Noite, Mafias e outra criminalidade (II)

por josé simões, em 30.08.07

Pegando ainda no tema da insegurança na noite portuense no particular, mas projectando-o para a generalidade da noite nas grandes urbes em Portugal.
 
Hoje, e segundo o Público «Um elemento próximo da família da Aurélio Palha (…) explicou que a família deseja resguardar-se ao máximo – inclusive de declarações aos órgãos de comunicação social – porque eles próprios também não percebem o que é que levou à morte de Aurélio Palha, nem com quê ou com quem estão a lidar.»
 
A ver se percebo o que a família do “malogrado” (como se usa na imprensa regional) Aurélio Palha não percebe: Em meia-dúzia de anos, de segurança a dono de um império que inclui uma rádio, «deixando em herança um património avultado e alguns carros de topo de gama, como um Ferrari e um Porsche Cayenne.» (Público).
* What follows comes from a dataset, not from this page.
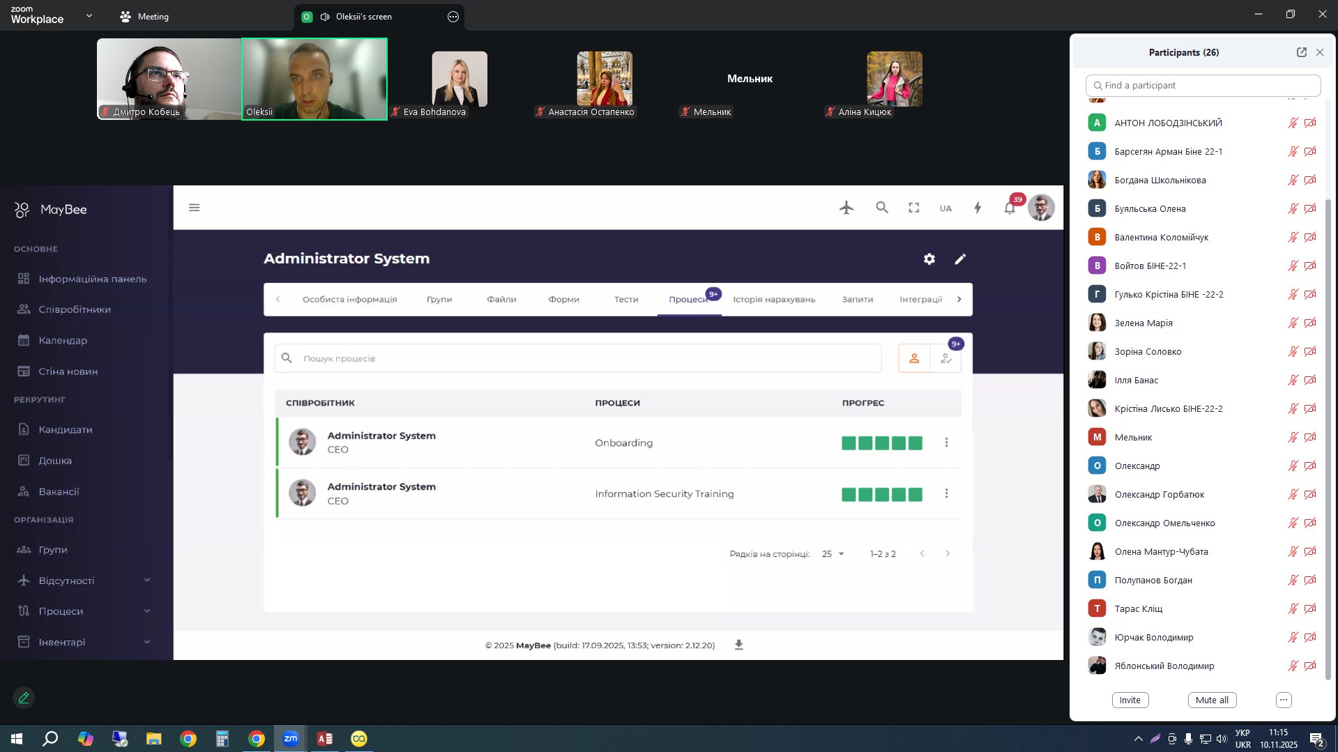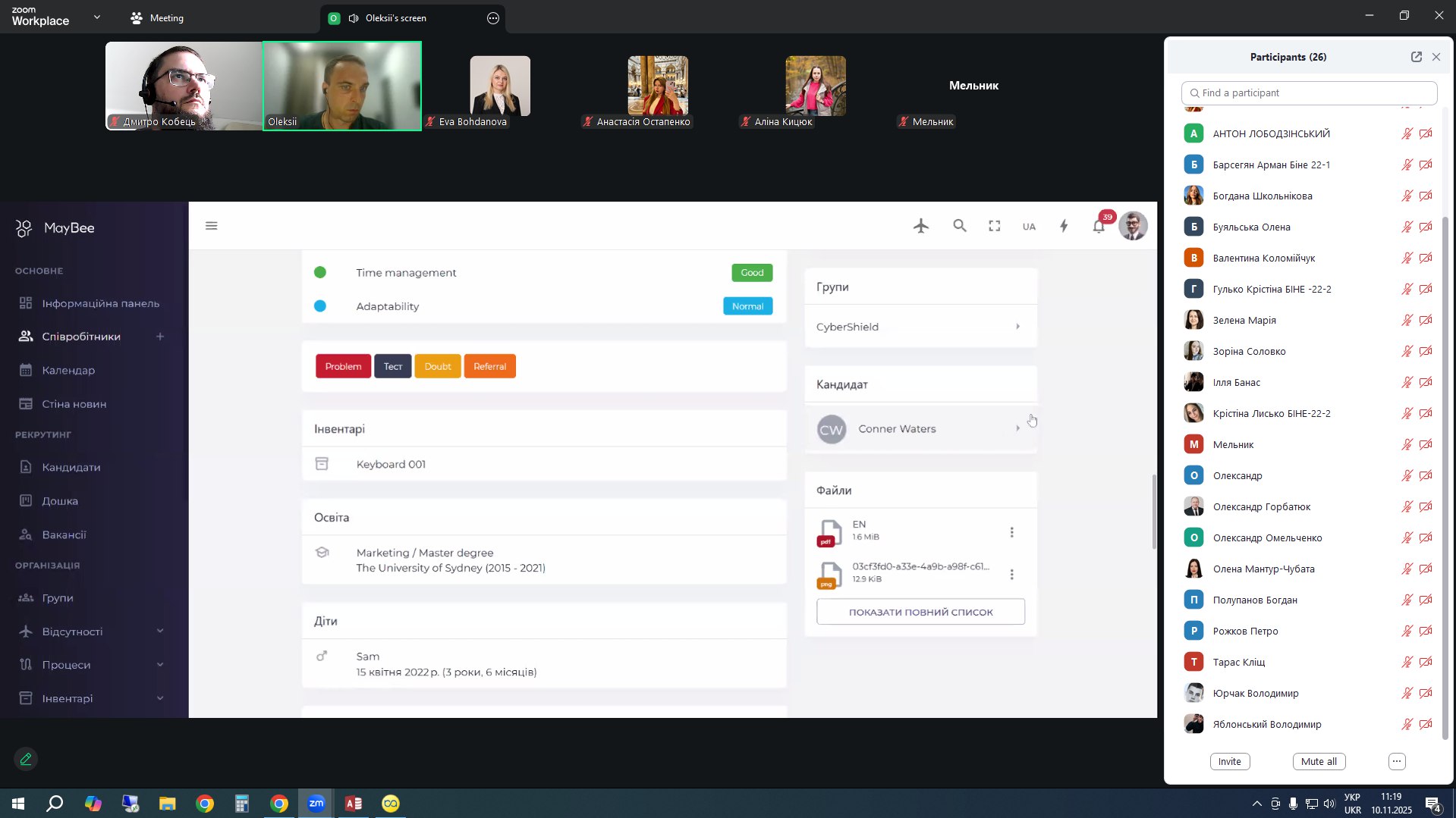 10 листопада 2025 р. в межах вивчення курсу “Інформаційні системи у професійній діяльності” для студентів ОПП HR-інжиніринг у бізнес-економіці бакалаврського рівня відбулася гостьова лекція, присвячена сучасним інформаційним системам в управлінні персоналом. Спікером заходу став Жовчак Олексій Ігорович — Product Owner HRM-системи MayBee System, який має практичний досвід розробки та впровадження цифрових HR-рішень.

Qual é a parte que a família não percebe?
 
«Este interlocutor criticou ainda as leis portuguesas por, na sua opinião, serem favoráveis aos criminosos.» (também no Público). Tem toda a razão o “elemento próximo da família da Aurélio Palha”, como anteriormente aqui havia sido escrito, isto não é um caso de Polícia, é um caso de Finanças, vulgo Fisco.
 
Identifique-se e seja (m) levado (s) a julgamento o (s) responsável / responsáveis pelo assassinato de Aurélio Palha, é o mínimo que se exige; é o caso de Polícia. Investiguem-se todos os Aurélios Palha deste país, e as suas ascensões meteóricas. E, mais importante, sejam criados mecanismos de controlo e prevenção a futuros candidatos a “empresários” da noite; é a parte que cabe ao Fisco.
 
Adenda: Ainda sou do tempo – como no spot publicitário – em que ser “empresário” era sinónimo de criador de emprego e bem-estar para uma comunidade.